Studio album by Coco Jones
- Released: April 25, 2025
- Recorded: 2023–2025
- Genre: R&B
- Length: 41:58
- Label: High Standardz; Def Jam;
- Producer: 2K; Al Cres; Banger Slanger; Boobie; Cardiak; Larrance Dopson; Cirkut; Ezzra; Jasper Harris; Hero; Eric Hudson; Happy Perez; Ikey; Cheyenne Lavene; Tom Levesque; Alexander Lewis; London on da Track; Mars; M-Phazes; Carl Paul; Phil the Keys; Poo Bear; Protoje; Presley Regier; Sam Wish; Aaron Shadrow; Stargate; Swiff D; Wu10;

Coco Jones chronology
| Coco by the Fireplace (2024) | Why Not More? (2025) |  |

Singles from Why Not More?
- "Here We Go (Uh Oh)" Released: May 3, 2024; "Most Beautiful Design" Released: October 18, 2024; "Taste" Released: February 21, 2025; "You" Released: March 28, 2025; "On Sight" Released: June 3, 2025;

= Why Not More? =

2025 studio album by Coco Jones

Why Not More? is the debut studio album by American actress and singer-songwriter Coco Jones, released on April 25, 2025, by Def Jam.
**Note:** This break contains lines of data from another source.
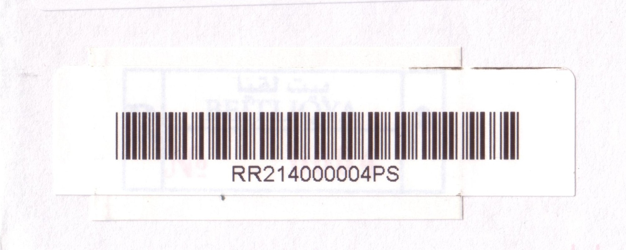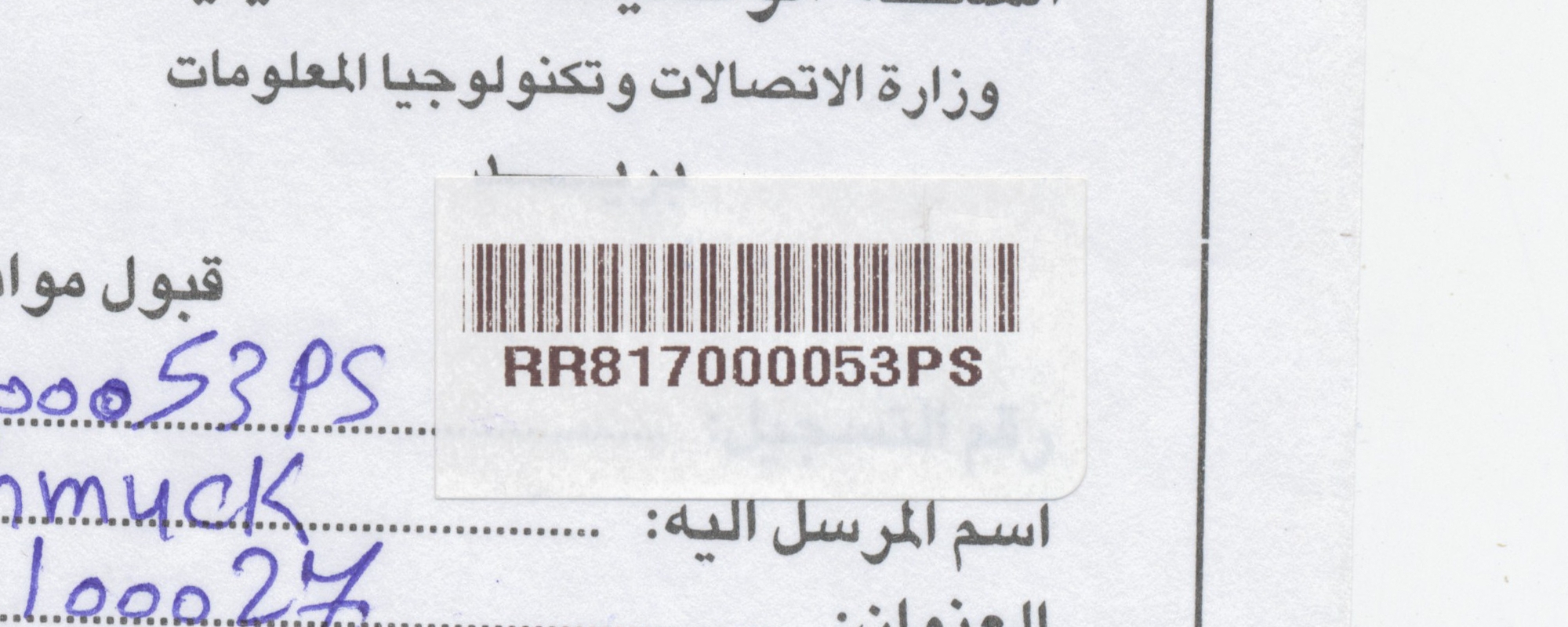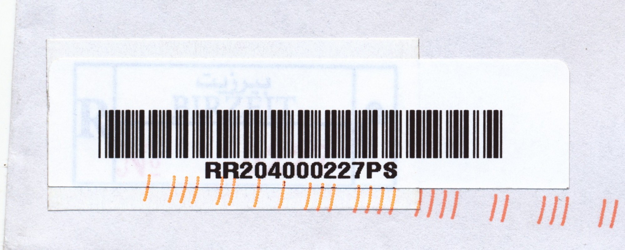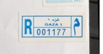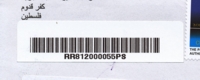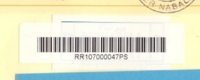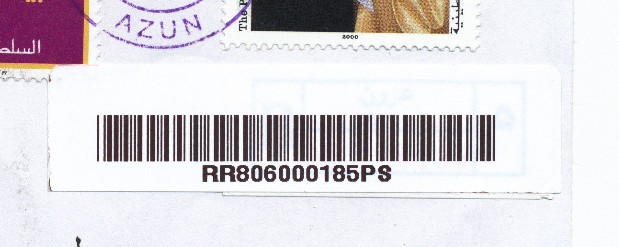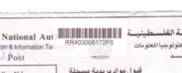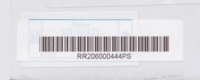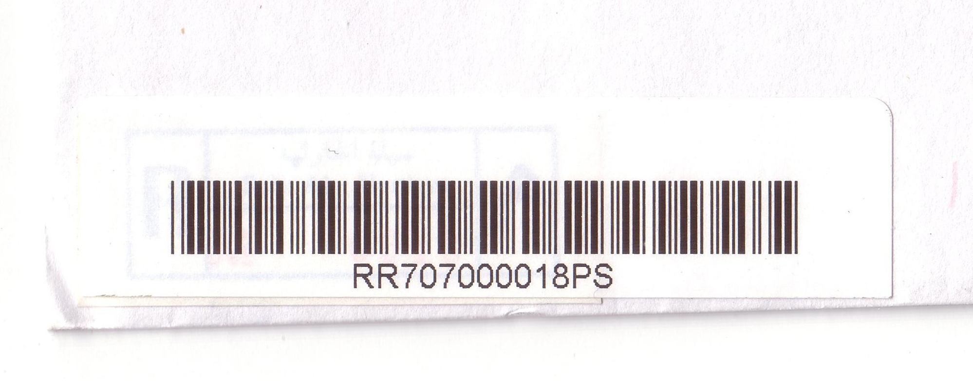 - white self-adhesive labels, printed in black. "IPS Light" linear barcode. With or without "Palestine Post" on top of imprinted numerator (9 digits) with prefixed RR and suffixed PS or ps. Label size varies.
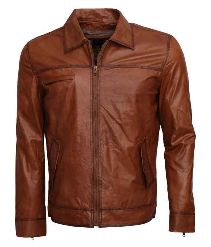 Herren Distinctive Distressed Braun Trucker Jacke Vintage Stil Lederjacke
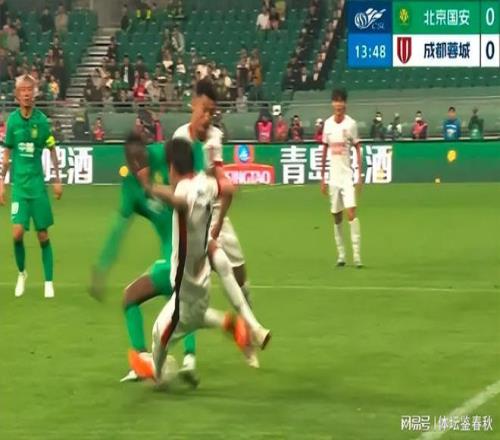 然而,就在兩年前,同樣是國安的比賽,主裁判同樣是王競(jìng),當(dāng)時(shí)還在國安的張?jiān)磳?duì)津門虎的謝維軍做出了同樣的動(dòng)作,從落腳點(diǎn)到身體姿態(tài),幾乎可以說是高度一致。可最終判罰結(jié)果和賽后評(píng)議卻明顯不同,當(dāng)時(shí)的王競(jìng)毫不猶豫地向張?jiān)闯鍪玖思t牌。
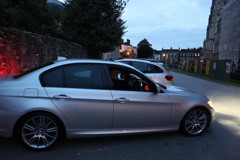 In the terminal building we met up with Brian, a very nice New Zealander who delivered our rental car from London. We have really been looking forward to having this car! In light of the ambitious itinerary I planned for us all over the UK, which David accepted good-naturedly as always, I thought we should splurge on something a little more fun for him to drive than usual. We decided on a BMW M3 diesel, and she's lovely in person. After inspections with Brian and a few signatures, David was behind the wheel on the wrong side of the car and we were on our way.

The album features guest appearances from Future and YG Marley. Production was handled by various producers, including Stargate, Cardiak, Eric Hudson, M-Phazes, Cirkut, Sam Wish, Happy Perez, London on da Track, Protoje, and Larrance Dopson from 1500 or Nothin', amongst others.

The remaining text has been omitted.